Bir ışık duvarı ucuz ve bol miktarda sıvı hidrojen için anahtar olabilir mi? Alman bilim insanları, yoğun ışık kaynaklarının iklim dostu yakıt üretmek için kullanılabileceği ümidiyle “dünyanın en büyük yapay güneşi”ni devreye sokuyor.
Almanya’nın Jülich kentindeki Synlight binası, DLR olarak bilinen Alman Havacılık Merkezi araştırmacılarının “dünyanın en büyük yapay Güneşi” diye adlandırdığı şeye ev sahipliği yapıyor. Binanın tek bir duvarının ardında bir dizi Xenon kısa arklı lamba bulunuyor. Tıpkı geniş sinemalarda filmi yansıtmak için kullanılanlar gibi.

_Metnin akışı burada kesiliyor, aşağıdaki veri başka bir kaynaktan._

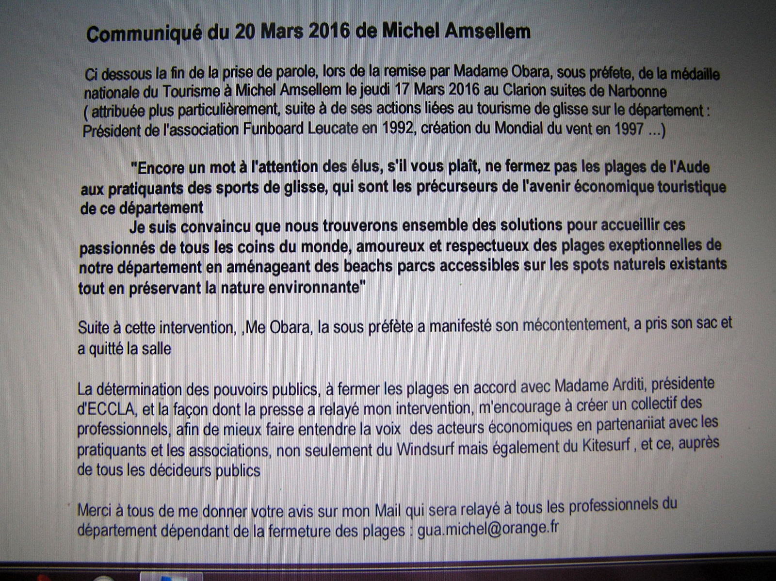 Jeudi 17 mars Michel Amsellem recevait la Médaille Nationale du Tourisme, pendant cette cérémonie il est intervenu pour demander que l'on ne ferme pas les plages de l'Aude aux pratiquants des sports de glisse, réponse de la préfete?? elle a pris son sac et est partie!!!Voilà qui est plus que révélateur!Lisez le texte ci-joint et répondez à Michel par mail à l'adresse qu'il donne, c'est trés important , quand quelqu'un de son statut veut nous aider il faut l'aider.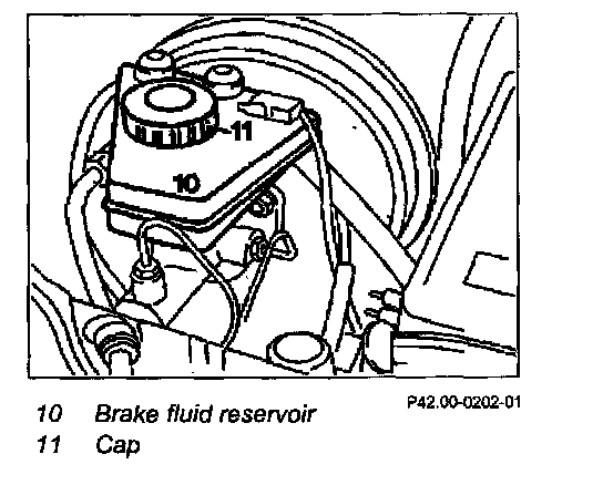 2 Unscrew cap (11) of brake fluid reservoir (10)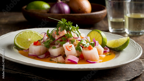Ceviche refreshing and tangy dish made with raw fish cured in citrus juices, often served with onions and cilantro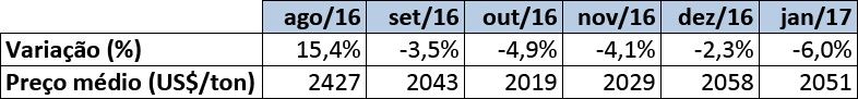Gráfico 1 - Histórico de preços do Leilão GDT.

Ancak dev bir sinemada yalnızca bir lamba yer alırdı. Buradaysa, yaklaşık 14 metre yüksekliğinde ve 16 metre genişliğinde bir alan boyunda tam 140 tane var. Tüm lambalar açılıp 20 x 20 cm’lik bir noktaya odaklandığında dünyanın herhangi bir yerindeki güneş radyasyonundan 10.000 kat daha yoğun ışık oluşturuyor. Merkezde ise sıcaklık 3.000 °C’nin üzerine çıkıyor.
Kurulum, güneş ışığını inanılmaz derece sıcak küçük alanlara odaklamak üzere ayarlanabilir aynalarla dolu bir alandaki çok güçlü güneş enerjisi santrallerini taklit etmek için kullanılıyor. Burada daha sonra buhar oluşturmak ve elektrik üretmek için kullanılan tuzu erimesi sağlanıyor.

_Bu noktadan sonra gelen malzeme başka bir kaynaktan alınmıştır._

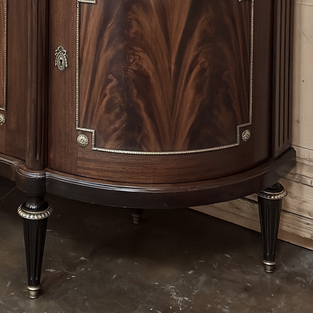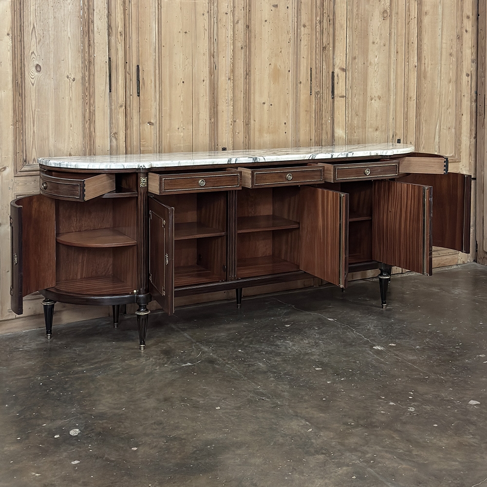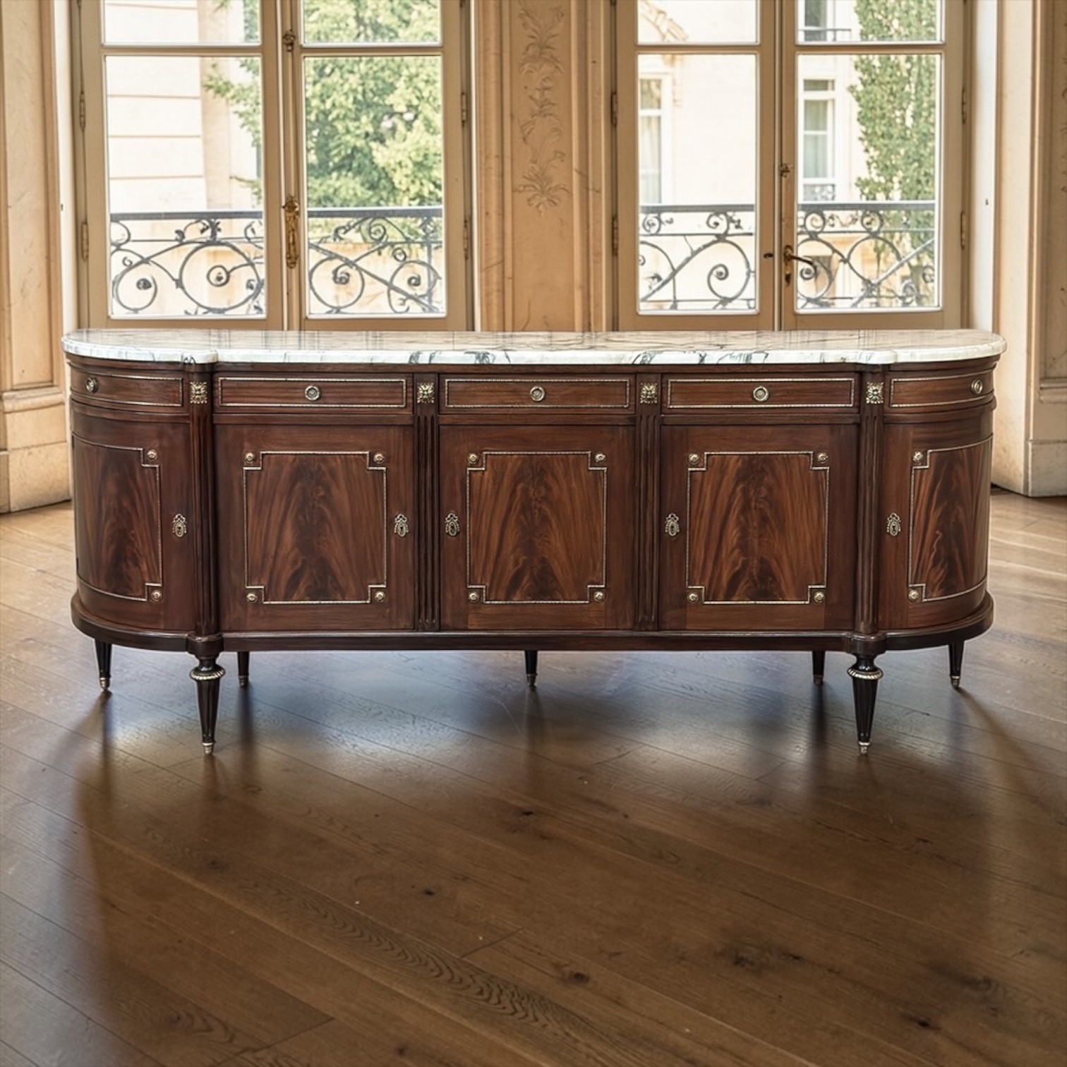 Grand Louis XVI Style Flame Mahogany Buffet with Marble Top has the kind of presence that sets the style for an entire room. Its sweeping serpentine form, refined neoclassical structure, and impressive length give it an unmistakable authority, while the richly figured mahogany brings warmth, movement, and depth to the façade.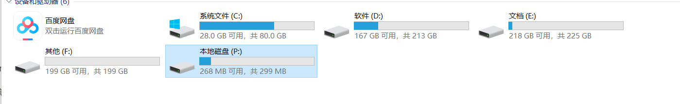 查看此电脑,磁盘多出了一个刚刚分配的P磁盘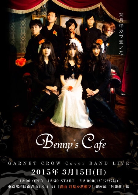 2015.2.4更新 皆さん、あけましておめでとうございます! 今年もBenny's Cafeをよろしくお願いします(///ˊㅿˋ///) 改めまして、 GARNET CROWのカバーバンドをしています、 Benny's Cafeと申します。 今回、LIVEを行う事になりましたので、お知らせしたいと思います(^^) 生の音でGARNET CROWの曲を聞きたい方! 是非起こしください٩(ˊᗜˋ*)و ※※※※※※※※※※※※※※※※※※※※※※※※※※※※※※※※※※※※※ 【日時】2015年3月15日(日) 【時間】12:00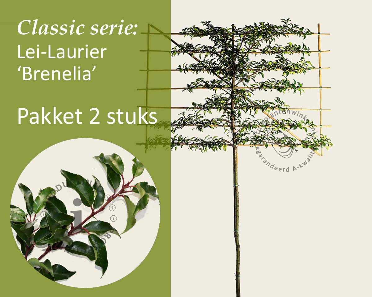 Deze Portugese laurier als leiboom is een groenblijvende leiboom. De bladeren van deze laurierboom zijn wat kleiner dan bij de 'Novita' en 'Caucasica'. De variëteit Brenelia heeft ten opzichte van de 'Angustifolia' een meer gegolfde bladrand. Bovendien hebben de bladstelen vooral in de wintermaanden een rodere kleur. Het blad is donkergroen van kleur en glanst aan de bovenzijde. Deze boom is goed te snoeien en daardoor goed geschikt als leiboom.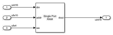The Single Port RAM System block models a single-port RAM that supports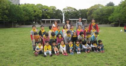 アスレチックで思い切り楽しんだ後は、大きな広場でクラス写真を撮影して、お弁当を食べました。どの子のお弁当も美味しそうなものばかりでした。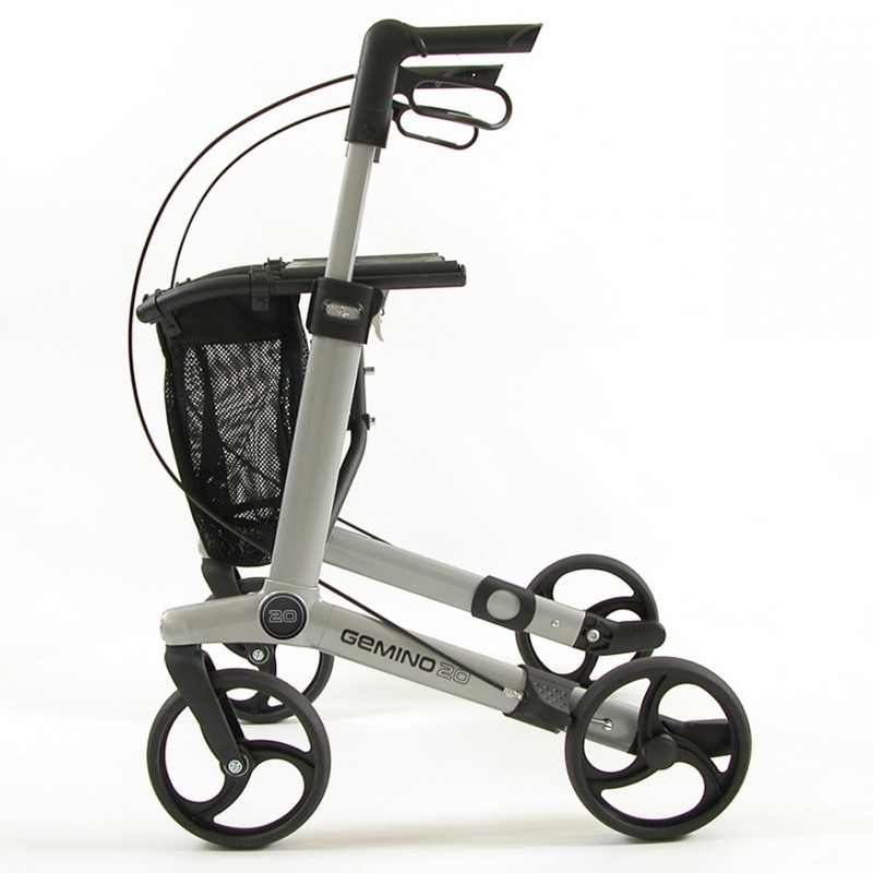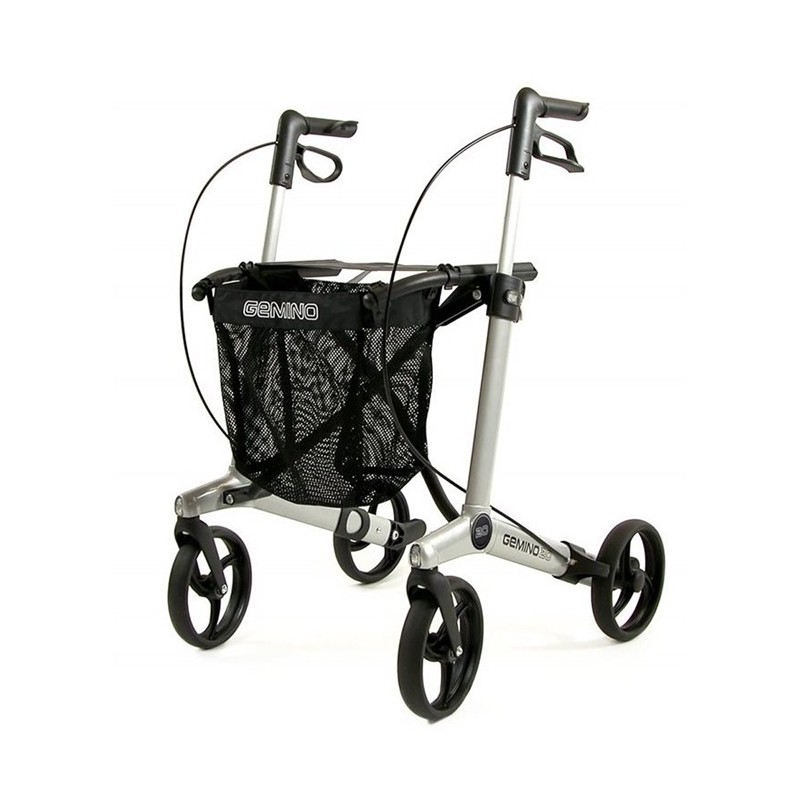 Gamme complète de rollators intérieur/extérieur : - standards : Gemino 20, 30 et 60 avec panier et siège de série, facilité d’utilisation - médicalisés : Walker du Gemino 30 et 60 avec appuis antébrachiaux de série ou Gemino 30 Parkinson pour personnes atteintes de Parkinson avec ralentisseur, fonction de freinage inversée et signal visuel laser au sol de série. Cadre en aluminium, système de pliage en un clic. Poids max. : de 125 kg à 150 kg (selon modèles). Garantie : 2 ans.

Projenin amacı, hidrojen yakıtı üretmek için bir reaksiyona güç sağlamak için doğal güneş ışığını yoğunlaştırmak amacıyla en uygun kurulumu keşfetmek.

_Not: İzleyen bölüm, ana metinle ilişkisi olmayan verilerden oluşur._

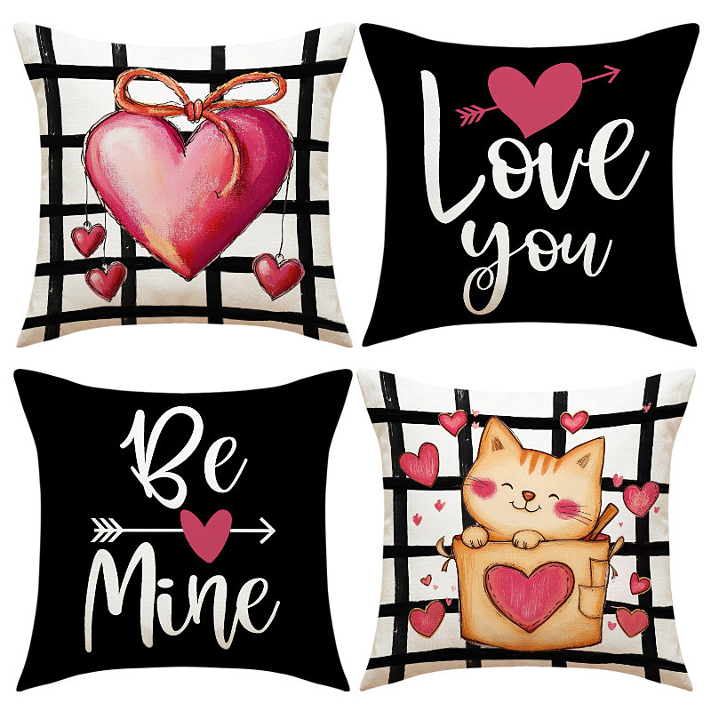 Valentine's Day Heart Pillow Cover, Black Cartoon Cat Print, Festive Bedroom Decor, Cute Heart-Shaped Cushion for Bed, Sofa, and Headboard, Cozy Valentine's Day Accent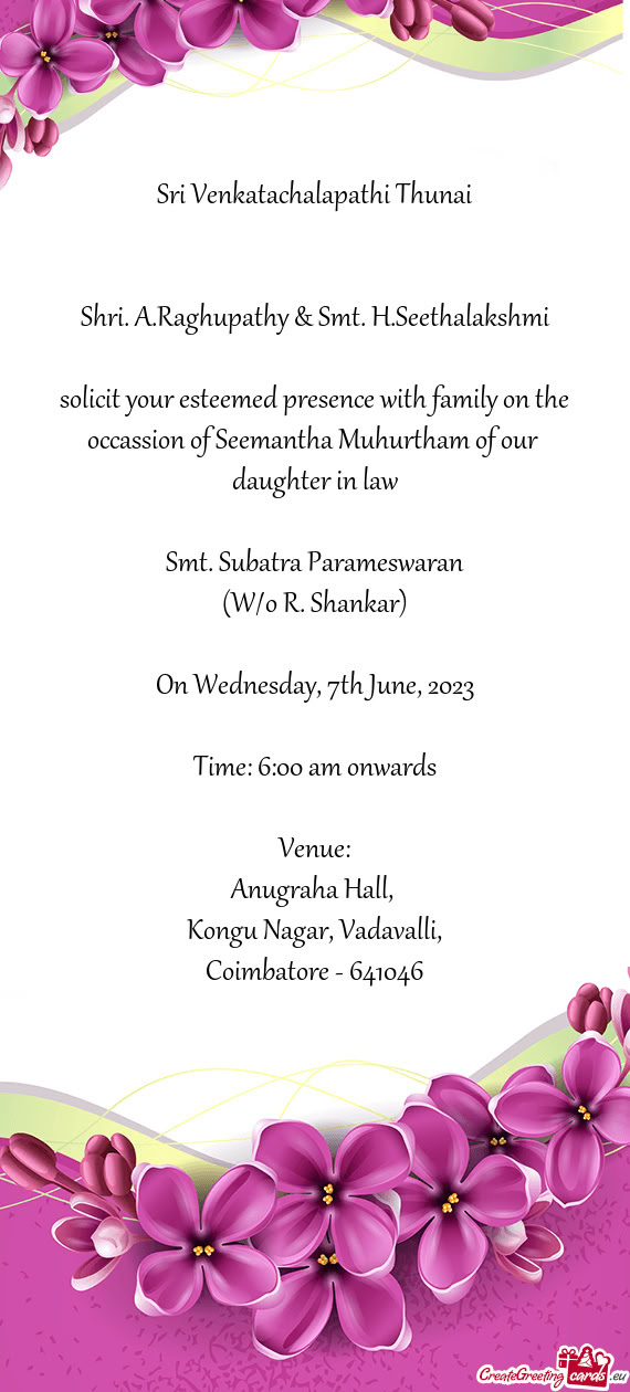 "BBD R&R function and Sneh-Bhojan"Valaikappu Seemantham(Baby shower) InvitationSounds of laughter, the feeling of love and loads of good healthDelan Newman familyMR & Mrs .Ganeshan NilaniANSHUMAN Sharma

Projenin gelişmesi için çalışmalar sürüyor
Yine de, DLR’deki araştırmacılar, benzer bir ayna kurulumunun, hidrojenin su buharından çıkarıldığı yüksek enerjili bir reaksiyona güç vermek için kullanılabileceğini düşünmektedir. Teoride, bu süreç sabit ve uygun fiyatlı bir sıvı hidrojen yakıtı kaynağı olabilir – enerji araştırmacılarının buna devam etmek istemelerinin asıl sebebi ise yanarken karbon emisyonu yaratmaması.
Sorun şu ki, DLR’dekiler henüz nasıl yapıldığını bilmiyor. Bu yüzden, yansıyan güneş ışığı yerine suni ışık kullanarak bu işlemi biraz kurcalamak için bir laboratuvar ortamı oluşturdular. Bu ortamda sadece dört saatlik bir çalışma sırasında bir evin bir yıllık elektrik harcamasına eşdeğer bir elektrik kullanıldı. Bu da asıl amaca pek uygun görünmüyor.
Elbette, hidrojen yakıtı ucuza üretmeyi amaçlayan ilk projeden oldukça uzaktalar: yapay fotosentez, deniz suyu elektrolizi, biyokütle tepkimeleri ve diğer pek çok proje, maliyeti düşük bir çalışma yapmak için denendi ve bugüne kadar başarısızlıkla sonuçlandı.